A worker node provides a running environment for client applications. These applications are microservices running as application containers. In Kubernetes the application containers are encapsulated in Pods, controlled by the cluster control plane agents running on the control plane node. Pods are scheduled on worker nodes, where they find required compute, memory and storage resources to run, and networking to talk to each other and the outside world. A Pod is the smallest scheduling work unit in Kubernetes. It is a logical collection of one or more containers scheduled together, and the collection can be started, stopped, or rescheduled as a single unit of work.

Also, in a multi-worker Kubernetes cluster, the network traffic between client users and the containerized applications deployed in Pods is handled directly by the worker nodes, and is not routed through the control plane node.
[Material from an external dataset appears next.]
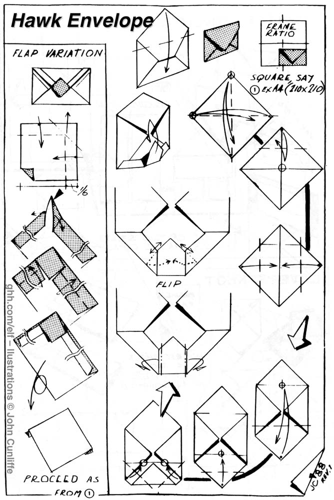 Hawk Envelope – Hiroshi Kumasaka. Made from a square sheet of paper. Loose flap must be glued down to seal. Adapted from a fold attributed to Hiroshi Kumasaka (from whose initials its name is taken), OKK vol. 4, ’80, Nippon Origami Association magazine (Japanese Origami Society) vol. 2, Japanese publication. Heart shape can be formed on tip of flap thus producing a Valentine envelope. Compare Kumasaka version.

A worker node has following components:

Container Runtime
Node Agent-Kubelet
Proxy - kube-proxy
Add-ons for DNS, Dashboard user interface, cluster-level monitoring and logging.

Container Runtime

Although Kubernetes is described as a "container orchestration engine", it lacks the capability to directly handle and run containers. In order to manage a container's lifecycle, Kubernetes requires a container runtime on the node where a Pod and its containers are to be scheduled. Runtimes are required on all nodes of a Kubernetes cluster, both control plane and worker. Kubernetes supports several container runtimes:

CRI-O A lightweight container runtime for Kubernetes, supporting quay.io and Docker Hub image registries.
containerd A simple, robust, and portable container runtime.
Docker Engine A popular and complex container platform which uses containerd as a container runtime.
Mirantis Container Runtime Formerly known as the Docker Enterprise Edition.

Node Agent-kubelet

The kubelet is an agent running on each node, control plane and workers, and communicates with the control plane. It receives Pod definitions, primarily from the API Server, and interacts with the container runtime on the node to run containers associated with the Pod. It also monitors the health and resources of Pods running containers.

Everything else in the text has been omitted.